There are four goals of the project:

  1. Create a shareable client/server schema for serialized wrangling instructions. This is in the ./schema folder. TypeScript types and JSONSchema generation is in javascript/schema, and published schemas are copied out to ./schema along with test cases that are executed by JavaScript and Python builds to ensure parity.
  2. Maintain an implementation of a basic client-side wrangling engine (largely based on Arquero). This is in the ./javascript folder.
  3. Maintain a python implementation using common wrangling libraries (e.g., pandas) for backend or data science deployments. This is in the ./python folder.
  4. Provide some reusable React components so wrangling operations can be incorporated into webapps easily. This is in the ./javascript/react folder.

Individual documentation for the JavaScript and Python implementations can be found in their respective folders. Broad documentation about building pipelines and the available verbs is available in the docs folder

We currently have six primary JavaScript packages:

  • react - this is a set of React components for each verb that you can include in web apps that enable tranformation pipeline building.
  • schema - this is a set of core types and associated JSONSchema definitions for formalizing our data package and resource models (including the definitions for table parsing, Codebooks, and Workflows).
  • tables - this is the primary set of utilities for loading and parsing data tables, using Arquero under the hood.
  • utilities - this is a set of helpers for working with files, etc., to ease building data wrangling applications.
  • webapp - this is the deployable DataShaper that includes all of the verb components and allows creation, execution, and saving of pipeline JSON files.
  • workflow - this is the primary engine for pipeline execution. It includes low-level operational primitives to execute a wide variety of relational algebra transformations over Arquero tables.

Building

  • You need node and yarn installed
  • Run: yarn
  • Then: yarn build
  • Run the webapp locally: yarn start

Contributing

This project welcomes contributions and suggestions. Most contributions require you to agree to a Contributor License Agreement (CLA) declaring that you have the right to, and actually do, grant us the rights to use your contribution. For details, visit https://cla.opensource.microsoft.com.

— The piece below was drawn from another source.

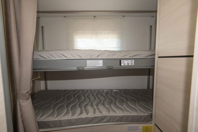 Au-delà de cette donnée inscrite sur le certificat d’immatriculation, le 380 étonne également par son implantation originale. Une manière de sortir habilement des sentiers battus avec notamment une partie arrière consacrée à la chambre des enfants (ou d’ado) avec un couchage simple transversal (81 x 200 cm) secondé par un lit de pavillon électrique (74 x 190 cm).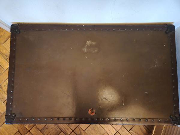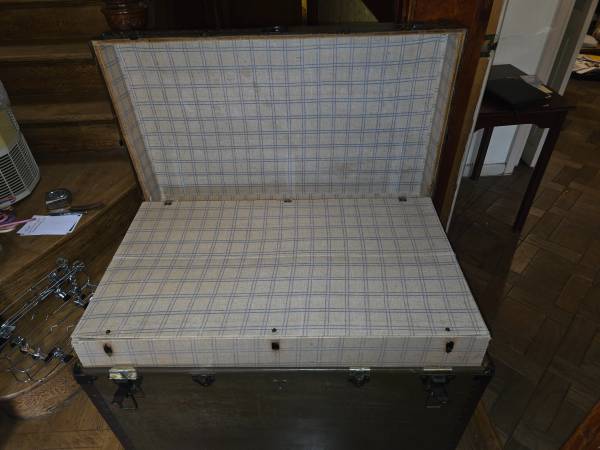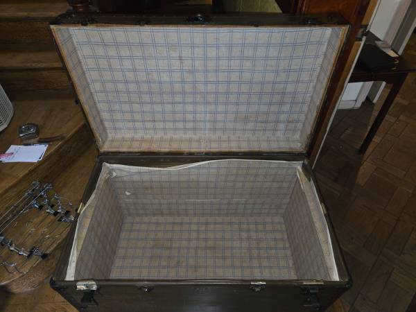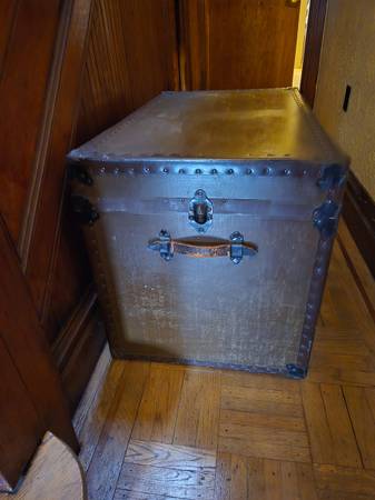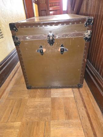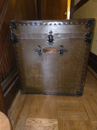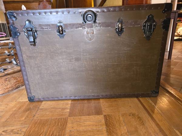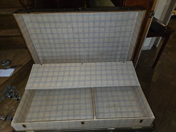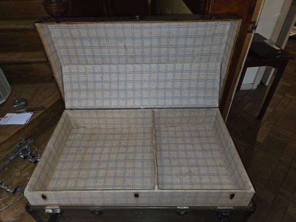 Sturdy antique vintage wood trunk. Has removable inner covered shelf. Please note center lock is missing. Dimensions: 36" Wide x 21.5" Deep x 24" High. Smoke and Pet Free Home. CASH ONLY, MUST...

When you submit a pull request, a CLA bot will automatically determine whether you need to provide a CLA and decorate the PR appropriately (e.g., status check, comment). Simply follow the instructions provided by the bot. You will only need to do this once across all repos using our CLA.

This project has adopted the Microsoft Open Source Code of Conduct. For more information see the Code of Conduct FAQ or contact opencode@microsoft.com with any additional questions or comments.

Trademarks

This project may contain trademarks or logos for projects, products, or services. Authorized use of Microsoft trademarks or logos is subject to and must follow Microsoft's Trademark & Brand Guidelines. Use of Microsoft trademarks or logos in modified versions of this project must not cause confusion or imply Microsoft sponsorship. Any use of third-party trademarks or logos are subject to those third-party's policies.